Another Q; I have a Sig 220 but am just familiar with the regular operations of it; load mag, rack the slide, fire until slide locks, insert new mag, pull slide back and let it slam forward, commence firing.

But if you were to:
-cock the hammer back without racking the slide, would it still fire? (I highly highly doubt it just making sure)
-if you bring the hammer forward with the lever on the side and then pull the trigger while it is in the "up" position, will it fire?
 

chris in va

New member
The standard P220 is a decocker DA/SA gun. If you cock the hammer and pull the trigger, it'll fire. Decock the hammer using the 'lever' as you put it, pull the trigger...it'll fire. It's always ready.

Now if you just insert a full mag without racking the slide and pull the hammer back, there's nothing in the pipe and it won't fire if you pull the trigger (but NEVER trust that logic...The Gun Is Always Loaded).

As for dud rounds, most decent ranges have a little can or ammo box you stick it in. Just ask the RO where it is.
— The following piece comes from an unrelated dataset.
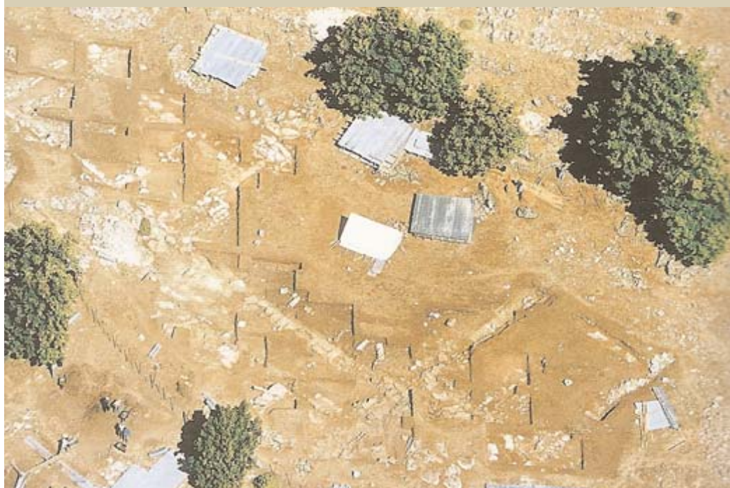
ΦΩΤ. ΑΡΧΕΙΟ ΑΝΑΣΚΑΦΗΣ ΚΑΣΤΡΙΟΥ

Άποψη της θέσης Καστρί από ΝΔ. Φαίνεται η θέση της ακρόπολης και της ανασκαφής. Γενική άποψη της ανασκαφής. Στην αριστερή πλευρά της εικόνας αναγνωρίζονται τα θεμέλια του ναού της ακρόπολης.

I'm not gonna claim any official knowledge about hitting a dud again, I usually try it and sometimes it goes off.

The 220 is a great gun. I'm wearing one right now actually.
 

AAshooter

New member
To address the original question, there are several problems you can have with ammo. The first two are a misfire and hangfire. A hangfire is common in muzzleloading and it is where you have a perceptable delay between when the primer is struck and when the round goes off. The problem is that only time will tell you whether you have one or the other.

For muzzleloaders, they often talk about 30-60 seconds to wait before taking the next step. If it hasn't gone off in a minute, you probably have a misfire. For most modern ammunition, hangfires are uncommon and the delay is usually minimal.

You did not mention whether you are talking about a centerfire cartridge or a rimfire cartridge. Misfires are more common with rimfire ammo and can often be fired by a second try or by simply rotating the cartridge and trying to fire it again.

Finally, it should be noted that the misfired round may be much more sensative to detonation due to the compessed primer mechanism. Consequently you may want to handle the round a little more carefully and dispose of it. I would not toss it in my ammo can with my other rounds.